**WHAT YOU SHOULD DO**
Restate the listing word for word. Stop at the line that holds "mit hausgemachtem Pulled", include it, and leave out all pictures.

**DATA EXCERPT**
=======

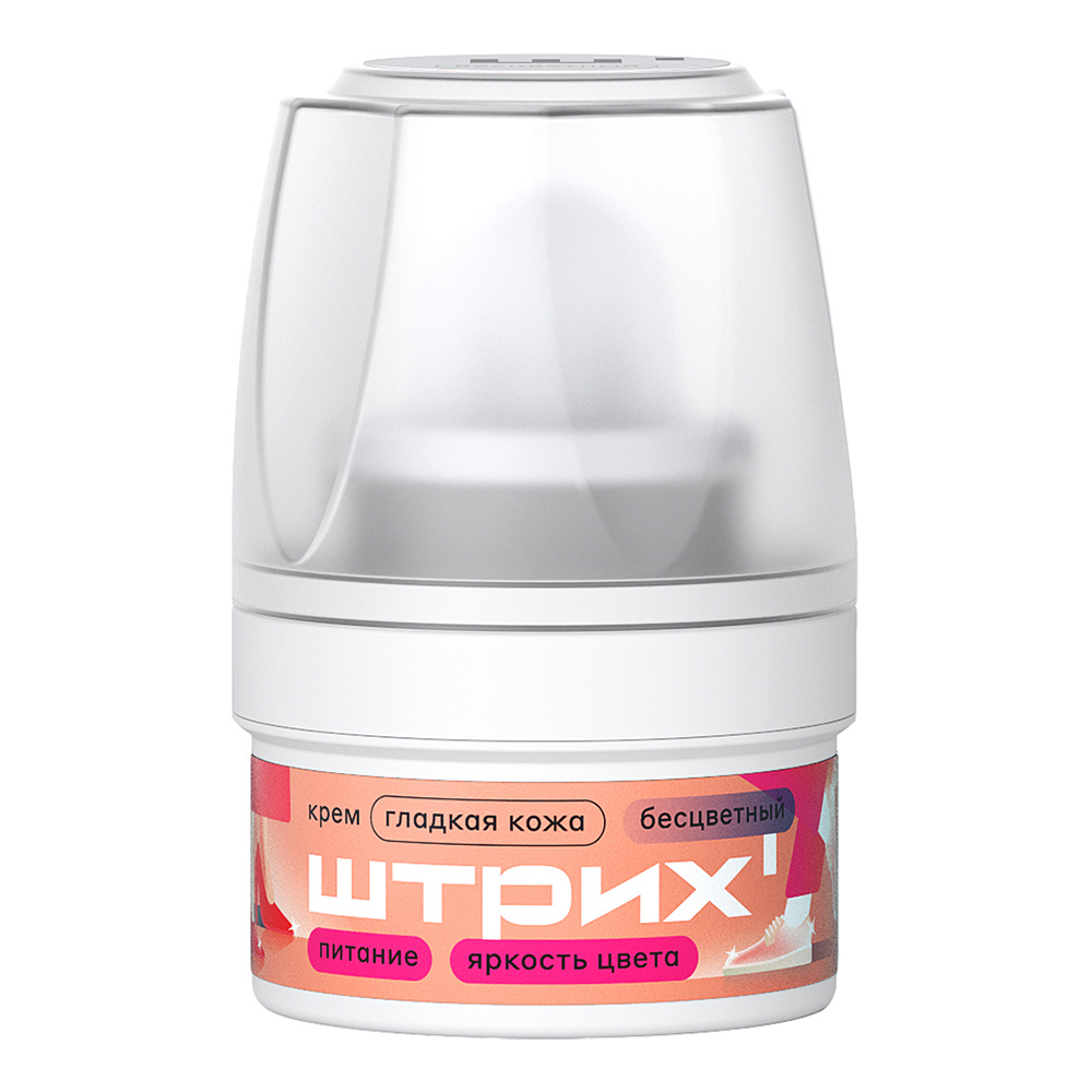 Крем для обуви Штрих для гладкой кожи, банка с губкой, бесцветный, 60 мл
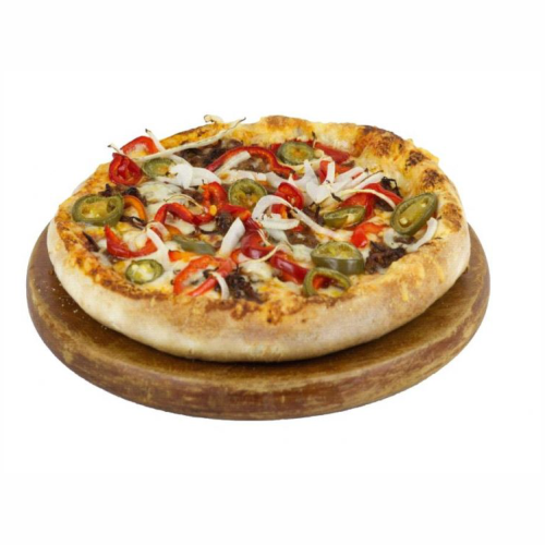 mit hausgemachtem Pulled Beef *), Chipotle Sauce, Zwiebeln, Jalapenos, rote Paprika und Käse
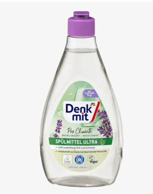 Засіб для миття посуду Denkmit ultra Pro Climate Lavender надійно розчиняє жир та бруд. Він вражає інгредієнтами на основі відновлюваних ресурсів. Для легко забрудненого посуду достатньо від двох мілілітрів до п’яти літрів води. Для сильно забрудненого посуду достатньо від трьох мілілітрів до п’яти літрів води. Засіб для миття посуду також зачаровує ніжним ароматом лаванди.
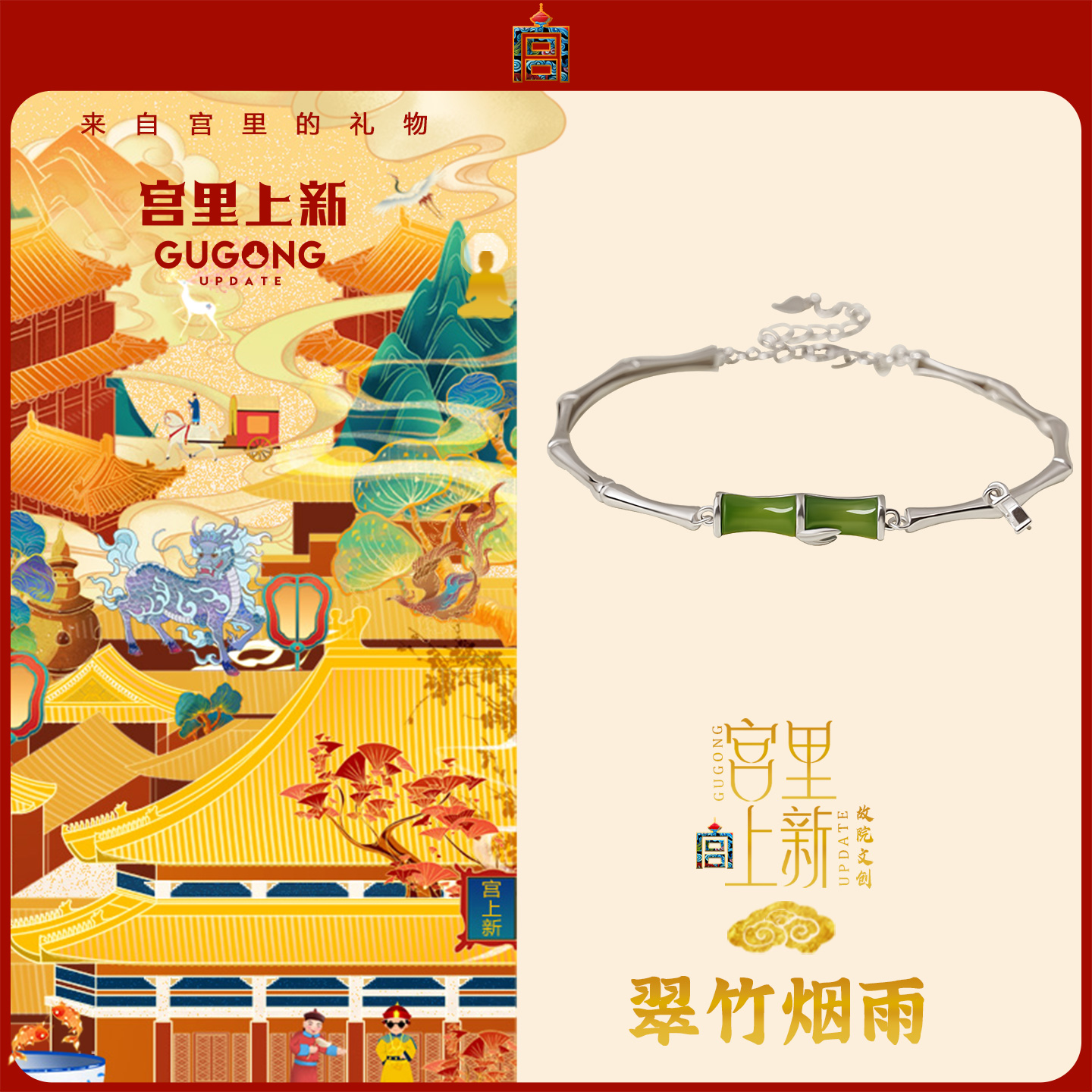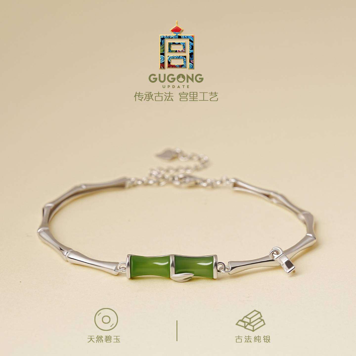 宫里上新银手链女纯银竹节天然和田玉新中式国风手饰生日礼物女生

=======

**EXPECTED OUTPUT**
 Крем для обуви Штрих для гладкой кожи, банка с губкой, бесцветный, 60 мл
 mit hausgemachtem Pulled Beef *), Chipotle Sauce, Zwiebeln, Jalapenos, rote Paprika und Käse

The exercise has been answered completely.